Three things every B.C. employer should know about privacy in the workplace

The recent face-off in the United States between Apple and the Federal Bureau of Investigation over the privacy of information on Apple’s handsets highlights for B.C. employers the ever-present tug-of-war between privacy and security 

This tug-of-war extends into workplaces across British Columbia where an employer’s interest in managing its office and protecting its property, physical or electronic, bumps up against the interests of employees who wish to guard their privacy. 
 
This dilemma raises the following question: what is the state of the law in B.C with respect to privacy in the workplace? Here are three things every B.C. employer should know in this respect.
 
Firstly, the B.C. Privacy Commissioner has clearly recognized that employees have an expectation of privacy in the workplace. While the extent of this expectation of privacy continues to be defined, the notion of an expectation of privacy in the workplace is markedly different than what is the state of the law in other jurisdictions. In the U.S., for example, employees have no expectation of privacy in the workplace absent some contractual provision or, in the case of some federal employees, limited protections under the Constitution. 
 
Disposing of this expectation of privacy in BC is not as simple as merely introducing a workplace policy which states that employees have no expectation of privacy in the workplace – particularly when such a policy is not regularly enforced and employees are regularly permitted to make personal use of work computers or technology.
 
Secondly, applicable privacy laws in B.C., i.e. the Personal Information Protection Act for privacy sector organizations and the Freedom of Information and Protection of Privacy Act for public sector organizations, require that organizations give employees prior notice before collecting personal information
 
The prior notice must inform employees of the manner of information collection, the purpose for which the information is being collected and who employees can contact to request access to any of their personal information which has been collected.
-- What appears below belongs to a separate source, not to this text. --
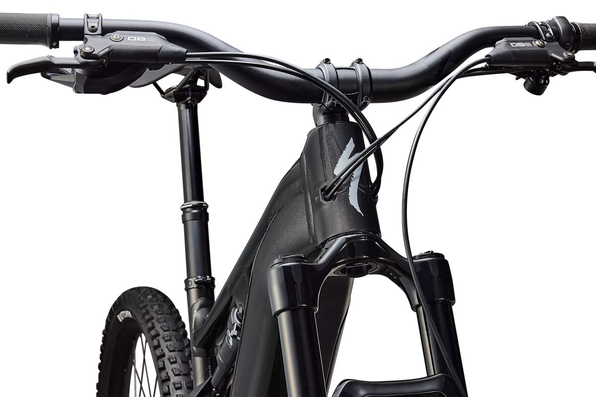 - Cuadro: M5 Premium Alloy, 150 mm de recorrido trasero, geometría ajustable, almacenamiento SWAT integrado.

Moreover, how the personal information is subsequently used must be consistent with the stated purpose for which it was collected. What this means in practice is that employers should have policies in place to govern the collection of personal information. Examples of the collection of personal information include images obtained through video surveillance, records of computer use gathered with monitoring software or the location of company vehicles determined with the assistance of GPS tracking. 
 
Thirdly, the collection of personal information should be carried out in a reasonable manner that minimizes the intrusion on privacy. For example, the Commissioner has held that the continuous, real-time collection of an employee’s computer use will generally not be reasonable. Similarly, the covert collection of personal information (consider, for instance, covert video surveillance) may be considered unreasonable and will be permissible only as a last resort after less intrusive measures have been exhausted.